Yet despite this focus, the past year has also brought with it a double down on anti-DEI rhetoric. With headlines perpetuating the myth of ‘go woke and go broke’ the role of DEI in driving successful and inclusive cultures is easy to overlook.
In this environment, proof points are vitally important.
A new study by The Good Insight shows that DEI is a significant contributor to companies' overall Glassdoor score, across company sizes and brand salience scores.
The study points to DEI as the biggest driver of culture and value scores. The research shows that DEI contributes 30% towards culture and values scores. It is also the joint second driver of the overall scores at 20% together with career opportunities and behind a businesses’ senior leaders at 31%.
In this study we have used Diversity and Inclusion scores given by actual employees to companies.
Ozoda Muminova, Founder and Director of The Good Insight
Recently, there has been a backlash for DEI not only from right-wing entities but from academia, due to concerns about the methodologies used by DEI proponents.

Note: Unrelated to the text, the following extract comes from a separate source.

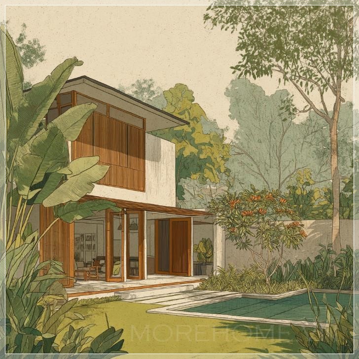 Ánh nắng vàng ươm của buổi sáng len lỏi qua những tán lá xanh mướt, tạo nên những vệt sáng lung linh trên mặt nước hồ bơi trong xanh. Ngôi nhà phong cách Bali đương đại này không chỉ là một không gian sống, mà còn là một tác phẩm nghệ thuật hòa quyện hoàn hảo giữa kiến trúc hiện đại và vẻ đẹp nguyên sơ của thiên nhiên nhiệt đới.

The critics have attacked the evidence showing a correlation between DEI efforts and company shareholder value. They argue that companies that are already successful have the money to invest in DEI, and therefore, the causal link is not from DEI to shareholder value, but in the opposite direction.
“The academics are right in criticising the methodologies, but should not throw the baby out with the bathwater,” explains Ozoda Muminova, Founder and Director of The Good Insight.
She continues: “The metrics used by these studies at both ends: inputs (diversity composition of companies and boards) and outputs (shareholder value) are not the right metrics. In this study, we have used Diversity and Inclusion scores given by actual employees to companies as inputs and the overall scores as the outputs.”
The research provides an important proof point on the role of diversity and inclusion in driving a business forward and the importance of reflecting employees’ lived experiences. A powerful reminder to industry leaders and CMOs that your employee brand is not what you write on a PowerPoint deck, but how your employees experience your company every single day.
An experience which, good or bad, can significantly impact how a company attracts and retains talent. Glassdoor's own studies show that overall scores have an impact on company retention and recruitment. Companies with high scores save on recruiting and onboarding and retain more corporate knowledge. Overall scores also reflect employee engagement, which in turn impacts productivity and absenteeism, delivering a further financial boost for companies with high scores.